[IJCAI-2021] A benchmark of data-free knowledge distillation from paper "Contrastive Model Inversion for Data-Free Knowledge Distillation"

Overview

DataFree

A benchmark of data-free knowledge distillation from paper "Contrastive Model Inversion for Data-Free Knowledge Distillation"

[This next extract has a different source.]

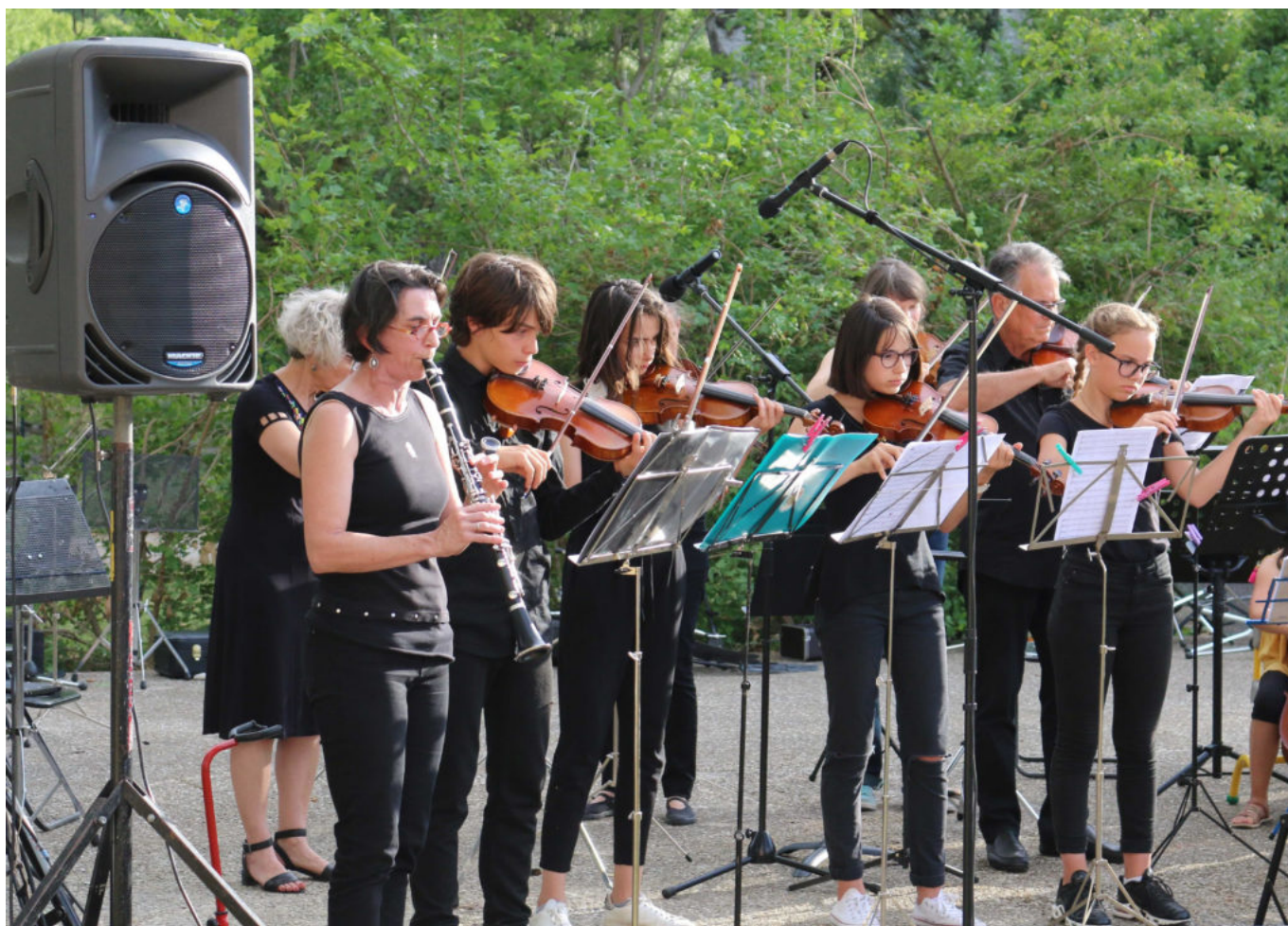
© Ecole de musique et danse Vaison Ventoux

A partir de 7 ans, ils peuvent pratiquer un instrument en cours individuel ou s'initier au chant, en cours particulier ou en chorale. Les adultes ont, quant à eux, toute leur place au sein de l'école de musique, que ce soit pour une pratique confirmée ou débutante. De nombreuses disciplines collectives sont également proposées, pour le plaisir de faire de la musique ou du chant ensemble !

Authors: Gongfan Fang, Jie Song, Xinchao Wang, Chengchao Shen, Xingen Wang, Mingli Song

CMI (this work) DeepInv
ZSKT DFQ

Results

1. CIFAR-10

Method resnet-34
resnet-18
vgg-11
resnet-18
wrn-40-2
wrn-16-1
wrn-40-2
wrn-40-1
wrn-40-2
wrn-16-2
T. Scratch 95.70 92.25 94.87 94.87 94.87
S. Scratch 95.20 95.20 91.12 93.94 93.95
DAFL 92.22 81.10 65.71 81.33 81.55
ZSKT 93.32 89.46 83.74 86.07 89.66
DeepInv 93.26 90.36 83.04 86.85 89.72
DFQ 94.61 90.84 86.14 91.69 92.01
CMI 94.84 91.13 90.01 92.78 92.52

2. CIFAR-100

Method resnet-34
resnet-18
vgg-11
resnet-18
wrn-40-2
wrn-16-1
wrn-40-2
wrn-40-1
wrn-40-2
wrn-16-2
T. Scratch 78.05 71.32 75.83 75.83 75.83
S. Scratch 77.10 77.01 65.31 72.19 73.56
DAFL 74.47 57.29 22.50 34.66 40.00
ZSKT 67.74 34.72 30.15 29.73 28.44
DeepInv 61.32 54.13 53.77 61.33 61.34
DFQ 77.01 68.32 54.77 62.92 59.01
CMI 77.04 70.56 57.91 68.88 68.75

Quick Start

1. Visualize the inverted samples

Results will be saved as checkpoints/datafree-cmi/synthetic-cmi_for_vis.png

bash scripts/cmi/cmi_cifar10_for_vis.sh

2. Reproduce our results

Note: This repo was refactored from our experimental code and is still under development. I'm struggling to find the appropriate hyperparams for every methods (°ー°〃). So far, we only provide the hyperparameters to reproduce CIFAR-10 results for wrn-40-2 => wrn-16-1. You may need to tune the hyper-parameters for other models and datasets. More resources will be uploaded in the future update.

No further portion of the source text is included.